## EXERCISE DIRECTIONS
Under this line is a listing; return exactly the lines starting at the one with "Picture #36: Lucinda" and running down to the one with "Click Network in", and leave out its pictures.

## STUDY MATERIAL

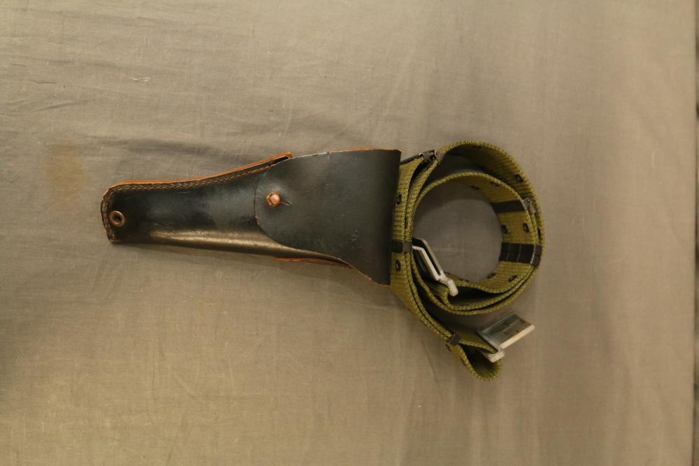 Items include Deutsches Rotes Kereuz (DRK) subordinate's hewer; WWI U.S. 1917 trench knife knuckle duster; Moroccan sword scimitar; French Yataghan sword bayonet; Buffalo Bill Bowie knife; Inox boot knives in sheaths; Spanish Cavalry Officer's sword; Japanese Gunto sword in scabbard; decorative hanging chest armor with crest; fencing swords; miniature cannons; Chelsea Clock Co. U.S. Army clock; Harvard Lock Company cast iron bell; Nylglo 100% nylon Coast guard flag on flagpole; military literature; military clothing camouflages, hat, belts; U.S. Navy MK1 spyglass; metal ammo can and more. Items located in Pleasant Valley, NY.
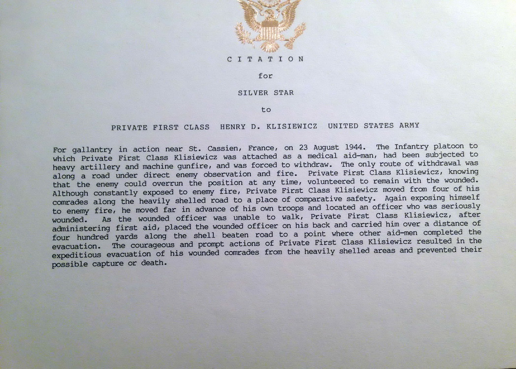PRIVATE FIRST CLASS HENRY D. KLISIEWICZ UNITED STATES ARMY.
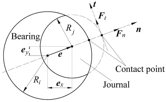 The tangential force  and normal force  during the collision process are shown in Figure 2. There has been some research on the characterization of contact forces during collision [,,,,]. Hertz [] laid the foundation for the characterization of elastic contact forces. However, the energy dissipation during collision is ignored in this study. Energy dissipation is considered in the study of Kelvin and Voigt, while the model cannot represent the nonlinearity and is only applicable to contacts with highimpact velocity []. The prevalent L-N model [] captures contact nonlinearity, enabling its application for characterizing low-speed collisions.
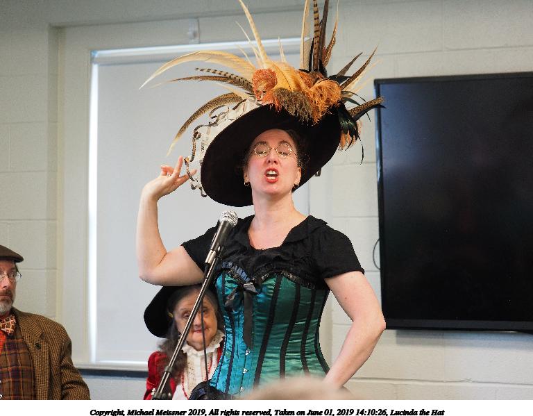 Picture #36: Lucinda the Hat #7 Small: 768x599, 77,905 bytes (77K), (html file) Large: 4608x3456, 8,342,992 bytes (8.0M), (html file) Copyright, Michael Meissner 2019, All rights reserved Olympus E-M1-I camera with Panasonic 35-100mm f/2.8 lens f/2.8, ISO 1000, 1/125 sec, 62.0mm, auto mode, vivid color, SHQ, center weight metering, IS Auto, noise filter low, anti-shock 35mm equivalent focal length 124.0mm Taken by Michael Meissner on June 01, 2019 14:11:47 Last modified on September 02, 2019 at 19:17 |
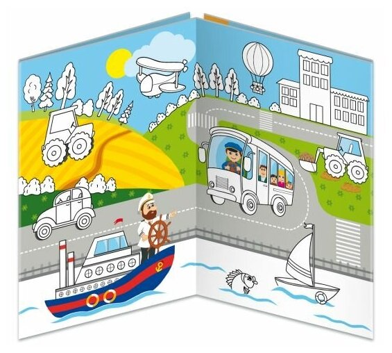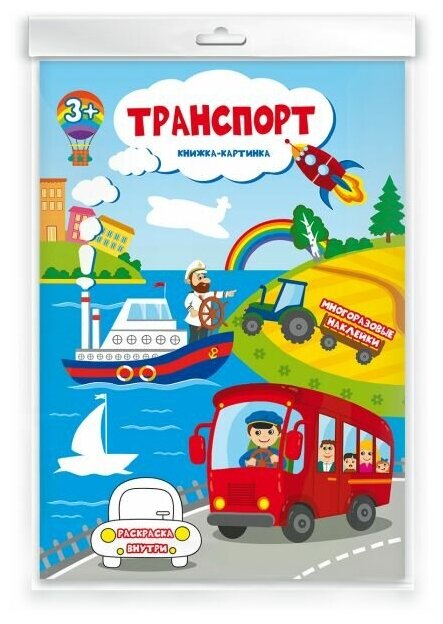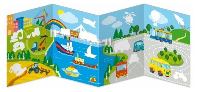 Увлекательная "Книжка-картинка" познакомит ребёнка с разными видами транспорта - наземным, воздушным, подводным, железнодорожным, строительным. Работа с наклейками тренирует мелкую моторику рук и координацию движений, развивает мышление и творческое воображение малыша. Задача ребёнка - правильно подобрать соответствующие элементы и аккуратно зафиксировать наклейку в нужном месте. Не беда, если не получилось сразу наклеить правильно по контуру. С многоразовыми наклейками это можно делать сколько угодно! А теперь, когда все наклейки на своих местах, можно раскрасить большую раскраску.
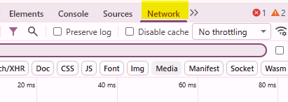 Click Network in the top menu of the Developer Tools panel.
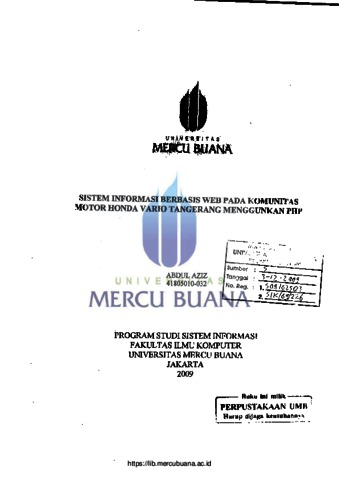 AZIZ, ABDUL (2009) SISTEM INFORMASI BERBASIS WEB PADA KOMUNITAS MOTOR HONDA VARIO MENGGUNAKAN PHP. S1 thesis, Universitas Mercu Buana Jakarta.
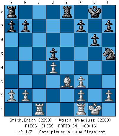 Last move : 1/2-1/2 2018 April 7 3:8:58 [Event "FICGS__CHESS__RAPID_SM__000016"] [Site "FICGS"] [Date "2018.02.23"] [Round "1"] [White "Smith,Brian"] [Black "Wosch,Arkadiusz"] [Result "1/2-1/2"] [WhiteElo "2399"] [BlackElo "2303"] 1.Nf3 Nf6 2.c4 c5 3.Nc3 e6 4.e3 Nc6 5.d4 d5 6.cxd5 exd5 7.Bb5 Bd6 8.O-O cxd4 9.Nxd4 O-O 10.Be2 Re8 11.Bf3 Be5 12.Rb1 Qb6 13.Nce2 Bxd4 14.Nxd4 Nxd4 15.Qxd4 Qxd4 16.exd4 Bf5 17.Ra1 Be4 18.Bg5 Bxf3 19.gxf3 Nh5 20.Be3 g6 21.Rac1 1/2-1/2 Reti Opening Kingside Castling by player White (move 8) Kingside Castling by player Black (move 9) This chess game ended in a draw. Follow this game move after move (download)Chess teaches you to control the initial excitement you feel when you see something that looks good and it trains you to think objectively when you're in trouble. (Stanley Kubrick) Mutter, ich bin eben Ex-Weltmeister geworden. --beim nach Hause Kommen nach dem Verlust des WM-Titels an Mihail Botvinnik -- (Mikhail Nekhemyevich Tal) Cuando estes solo, cuando te sientas un extraño en el mundo, juega al Ajedrez. Esto levantará tu espiritu y será tu consejero de guerra. (Aristóteles) Une platitude souvent récitée à propos des Echecs est qu'une des choses les plus difficiles à réaliser est de gagner une position gagnante. Cela ne manque pas de sens mais, pour ma part, j'ai toujours trouvé plus difficile de gagner une position perdante. (Tim Krabbe) Luck is what you have left over after you give 100 percent. (Langston Coleman)
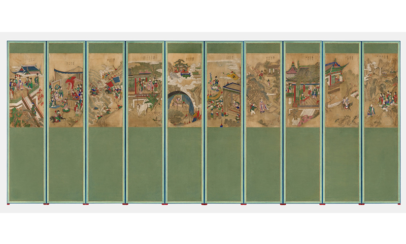 미국 포틀랜드미술관이 보유한 ‘구운몽도 병풍’은 소설 ‘구운몽’의 주요 장면을 열 폭에 나눠 묘사한 그림이다. 김만중(1637~1692)이 17세기 말 발표한 ‘구운몽’은 이야기를 병풍에 그려 애호하는 풍조가 생겼을 정도로 널리 사랑받았다.
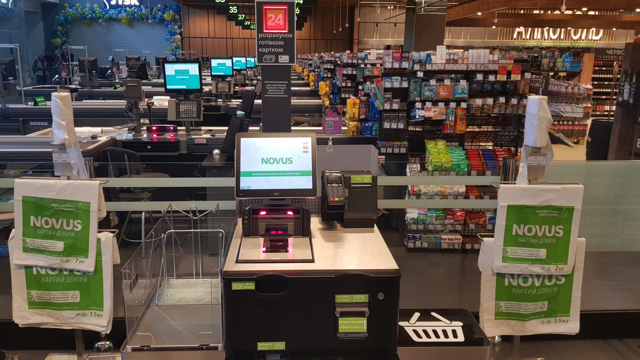 Вже традиційно для нових магазинів, крім звичайних кас в супермаркеті працюють термінали самообслуговування, на яких можна розплатитися як картою, так і готівкою. До речі, з 2017 року Novus інвестував вже 40 млн грн в каси самообслуговування, а до кінця 2019-го в мережі працюватиме вже більше 100 self-service терміналів в 21 магазині.

## RESPONSE BELOW
 Picture #36: Lucinda the Hat #7 Small: 768x599, 77,905 bytes (77K), (html file) Large: 4608x3456, 8,342,992 bytes (8.0M), (html file) Copyright, Michael Meissner 2019, All rights reserved Olympus E-M1-I camera with Panasonic 35-100mm f/2.8 lens f/2.8, ISO 1000, 1/125 sec, 62.0mm, auto mode, vivid color, SHQ, center weight metering, IS Auto, noise filter low, anti-shock 35mm equivalent focal length 124.0mm Taken by Michael Meissner on June 01, 2019 14:11:47 Last modified on September 02, 2019 at 19:17 |
 Увлекательная "Книжка-картинка" познакомит ребёнка с разными видами транспорта - наземным, воздушным, подводным, железнодорожным, строительным. Работа с наклейками тренирует мелкую моторику рук и координацию движений, развивает мышление и творческое воображение малыша. Задача ребёнка - правильно подобрать соответствующие элементы и аккуратно зафиксировать наклейку в нужном месте. Не беда, если не получилось сразу наклеить правильно по контуру. С многоразовыми наклейками это можно делать сколько угодно! А теперь, когда все наклейки на своих местах, можно раскрасить большую раскраску.
 Click Network in the top menu of the Developer Tools panel.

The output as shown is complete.